Skipping a lot of lines in CSV.read() allocates too much memory

tbeason · February 16, 2024, 12:06pm

I think CSV.read mmaps the file anyway, but maybe the overhead of mmap is large enough that doing it once and passing that as input would speed things up

SteffenPL · February 16, 2024, 12:07pm

A few details to keep in mind:

For very small files numpy seems superior (less allocations

The @time only tracks allocations from Julia.

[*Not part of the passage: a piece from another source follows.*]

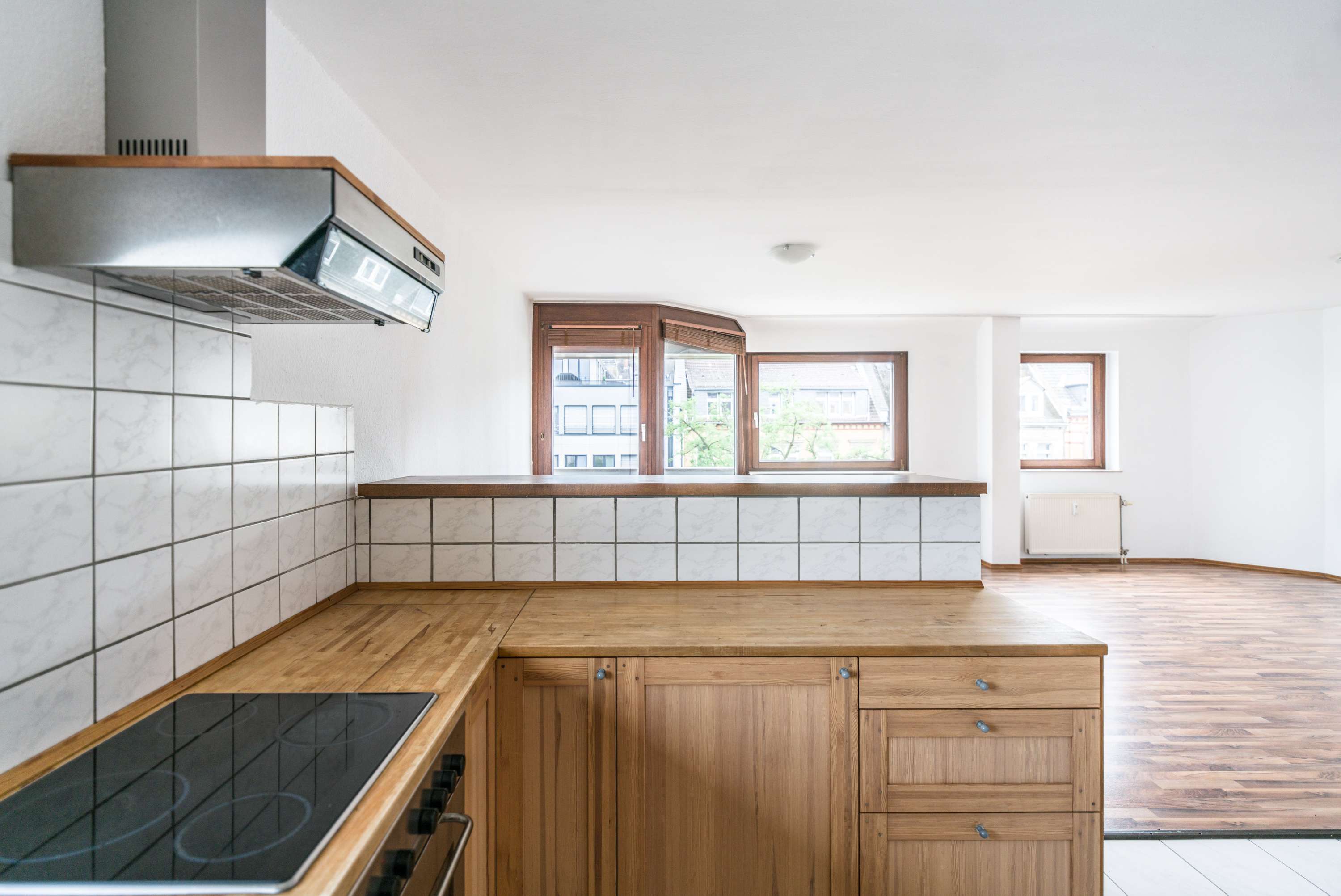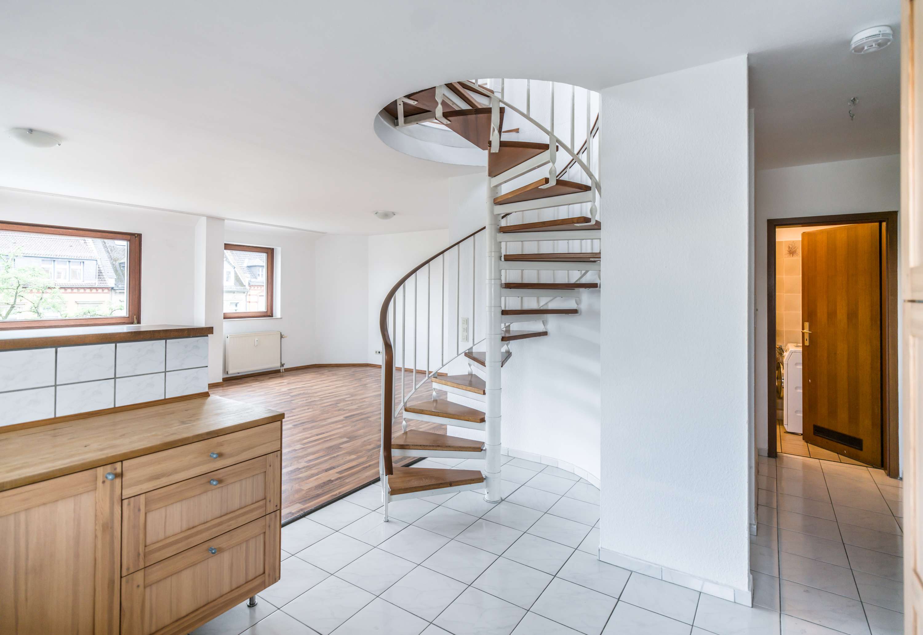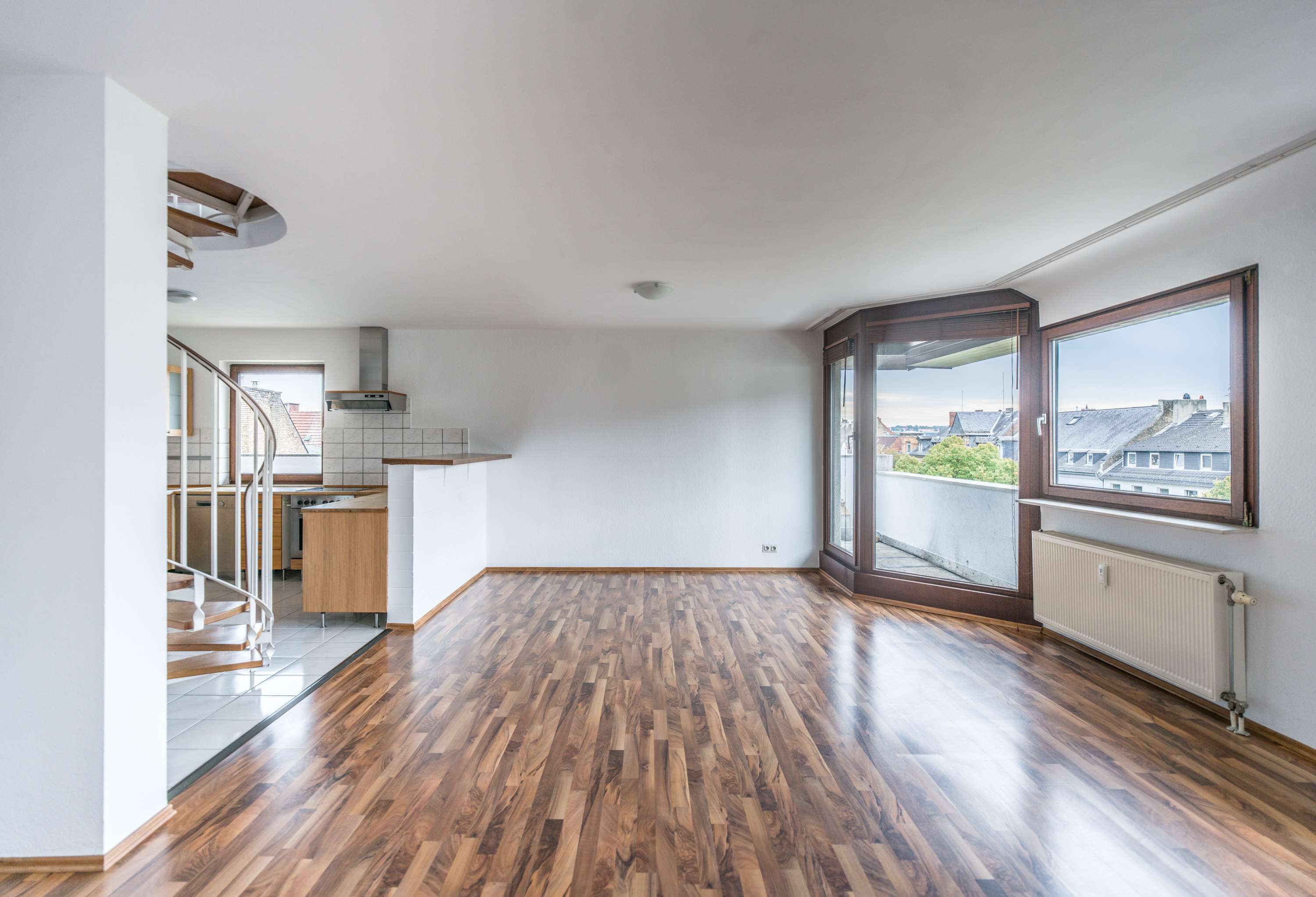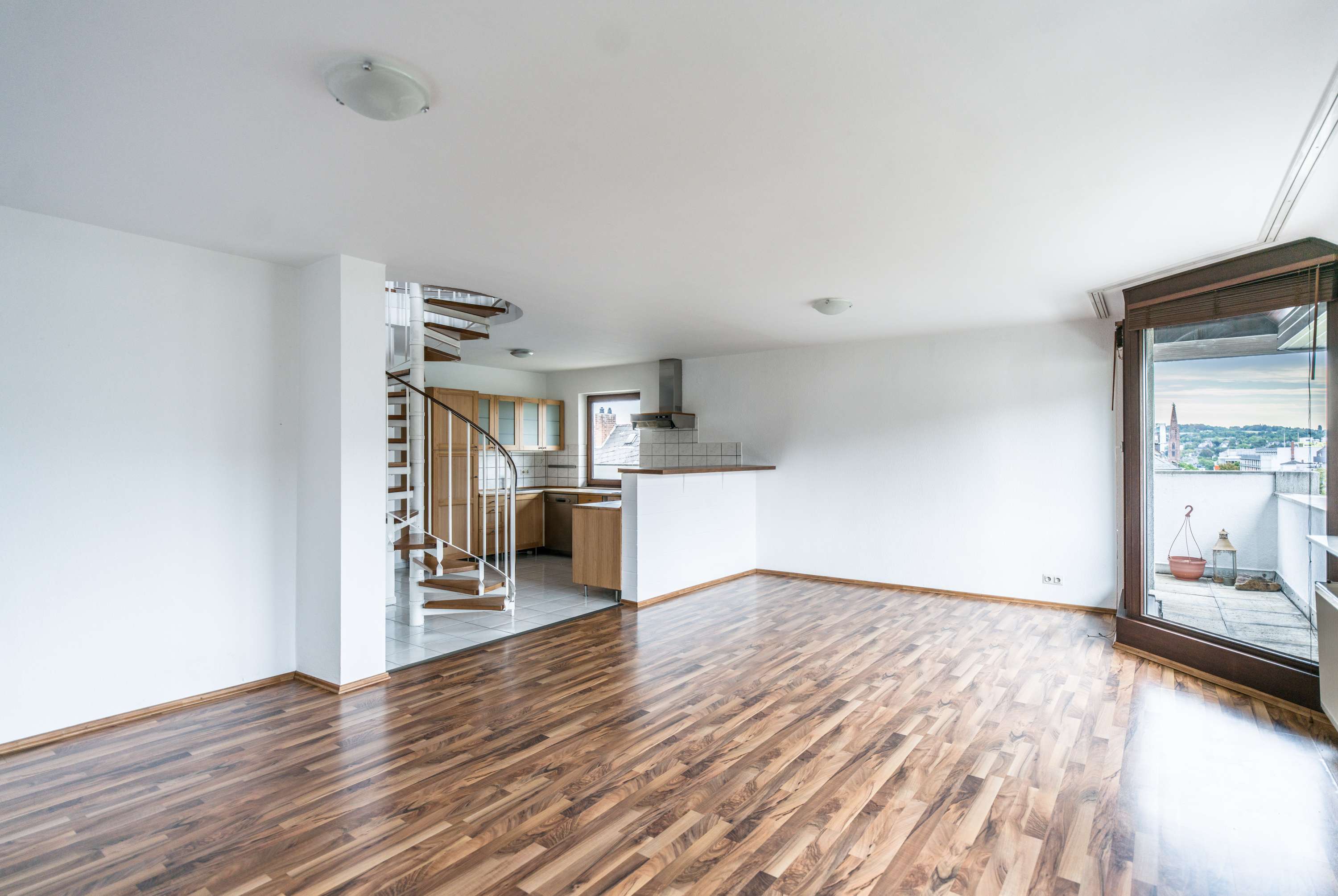 Diese 3-Zimmer-Maisonette/Penthouse-Wohnung befindet sich in zentraler Lage mitten in der Wiesbadener Innenstadt und bietet auf ca. 105,00 m² Wohnkomfort über zwei Ebenen. Der großzügige Wohn- und Essbereich überzeugt mit viel Tageslicht, einer offenen Einbauküche inklusive Breakfast-Bar sowie einer durchdachten Raumaufteilung. Zwei Schlafzimmer und zwei voll ausgestattete Bäder bieten optimale Bedingungen für Paare, Familien oder Singles. Ein besonderes Highlight ist die große Dachterrasse mit herrlichem Blick über die Stadt, ergänzt durch eine zusätzliche Loggia, die zu entspannten Stunden im Freien einladen. Praktische Extras wie ein Duplex-Stellplatz, ein Abstellraum sowie ein Lift sorgen für zusätzlichen Komfort.

That means for numpy it will only tell how expensive it is to call python, but not how much the python code itself allocated.

(e.g. parse.(Float64,split(String(bytes[x:y]),‘,’)) )

Most likely parse is not the most performant option here. Also bytes[x:y] allocates a new array of bytes, use @view bytes[x:y].

You can directly use DelimitedFiles · DelimitedFiles (juliadata.org) or CSV.read with an Buffer like in my initial post.

For people trying to help it might be useful if you post your benchmark timings. That way one can see how the methods compare without having to fire up a Julia session.

I would also mirror that. Your segments seem to be around 2000 lines each. That means that you will not use the power of nmap anyway.

mkitti · February 16, 2024, 1:06pm

I’m worried that you’re doing some premature optimization here. Are the allocations really the main issue here? You probably do want to use a validating parser. That said we can continue.

Let’s say we isolate a line. We can then find the commas.

julia> line = bytes[226:418];

julia> commas = findall(==(UInt8(',')), line)
9-element Vector{Int64}:
  20
  40
  59
  79
  98
 118
 136
 155
 174

We now know the first number is contained within the first 19 characters.

julia> String(copy(line[1:19]))
"0.14639761075652213"

julia> line[1:19]
19-element Vector{UInt8}:
 0x30
 0x2e
 0x31
 0x34
 0x36
 0x33
 0x39
 0x37
 0x36
 0x31
 0x30
 0x37
 0x35
 0x36
 0x35
 0x32
 0x32
 0x31
 0x33

To decode the bytes, we need to understand the ASCII value of the digits.

julia> map(0:9) do i
           UInt8("$i"[1])
       end
10-element Vector{UInt8}:
 0x30
 0x31
 0x32
 0x33
 0x34
 0x35
 0x36
 0x37
 0x38
 0x39

julia> map(0:9) do i
           UInt8("$i"[1]) - 0x30 |> Int8
       end 
10-element Vector{Int8}:
 0
 1
 2
 3
 4
 5
 6
 7
 8
 9

Above we see that ‘0’ corresponds to 0x30 or 48. Thus we just substract that value from the byte values to get the digits.

julia> line[1:19] .- 0x30 .|> Int
19-element Vector{Int64}:
   0
 254
   1
   4
   6
   3
   9
   7
   6
   1
   0
   7
   5
   6
   5
   2
   2
   1
   3

The exception above is due to the ..

julia> UInt8('.') - 0x30 |> Int
254

The rest of the numbers can be parsed and summed using base 10, and then divided to get the intended value.

julia> sum((line[3:19] .- 0x30) .* (10 .^ (16:-1:0)))
14639761075652213

julia> sum((line[3:19] .- 0x30) .* (10 .^ (16:-1:0))) / 10^17
0.1463976107565221

julia> String(copy(line[1:19]))
"0.14639761075652213"

Combining the steps we could build our own float parser that looks as follows.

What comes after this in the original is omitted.